Uitspraak
RECHTBANK ROTTERDAM
uitspraak van de enkelvoudige kamer van 24 januari 2024 in de zaak tussen
[naam 1], als gesteld gemachtigde van [naam 2] uit [plaatsnaam]
Procesverloop
Overwegingen
Beslissing
zie datum verzendbericht.
Rechtbank Rotterdam
In deze zaak heeft de Rechtbank Rotterdam op 24 januari 2024 uitspraak gedaan in een bestuursrechtelijke procedure met zaaknummer ROT 22/3421. Eiser, vertegenwoordigd door [naam 1], heeft beroep ingesteld tegen een besluit van de heffingsambtenaar van het Samenwerkingsverband Vastgoedinformatie Heffing en Waardebepaling, waarin het bezwaar van eiser tegen de vastgestelde waarde van een onroerende zaak voor het belastingjaar 2022 niet-ontvankelijk werd verklaard.

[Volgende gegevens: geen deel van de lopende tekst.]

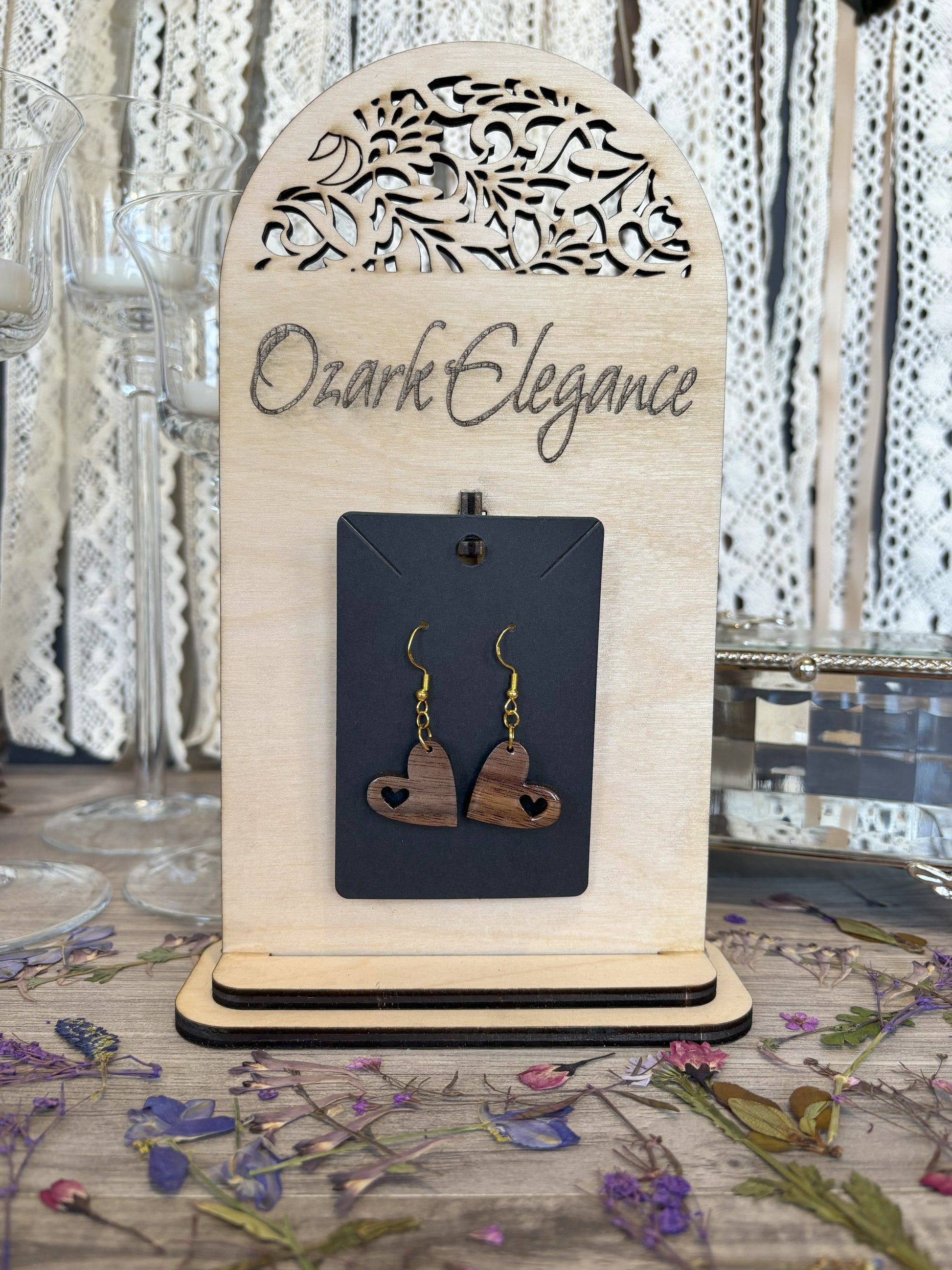 Crafted from solid black walnut wood harvested in the Ozarks, these earrings combine natural durability with refined elegance. Each pair is meticulously laser-engraved, allowing for precise, custom designs that make every piece uniquely yours. Their lightweight yet sturdy construction ensures comfortable wear while showcasing expert craftsmanship in fine wood jewelry. Ideal for those seeking a sophisticated accessory with a personal touch.

De rechtbank heeft vastgesteld dat het beroepschrift niet vergezeld ging van een volmacht waaruit blijkt dat [naam 1] gemachtigd was om namens [naam 2] beroep in te stellen. Ondanks herhaalde verzoeken om een schriftelijke machtiging te overleggen, heeft eiser geen afdoende volmacht kunnen overleggen. De rechtbank heeft geoordeeld dat het beroep niet-ontvankelijk is, omdat niet is aangetoond dat [naam 1] bevoegd was om namens [naam 2] op te treden. Daarnaast heeft eiser een verzoek om vergoeding van immateriële schade ingediend, maar dit verzoek is afgewezen omdat niet kon worden vastgesteld dat [naam 2] daadwerkelijk beroep wenste in te stellen. De rechtbank heeft ook geen aanleiding gezien voor het toekennen van een proceskostenvergoeding. De uitspraak is openbaar gedaan en partijen zijn op de hoogte gesteld van de mogelijkheid om binnen zes weken hoger beroep in te stellen bij het gerechtshof Den Haag.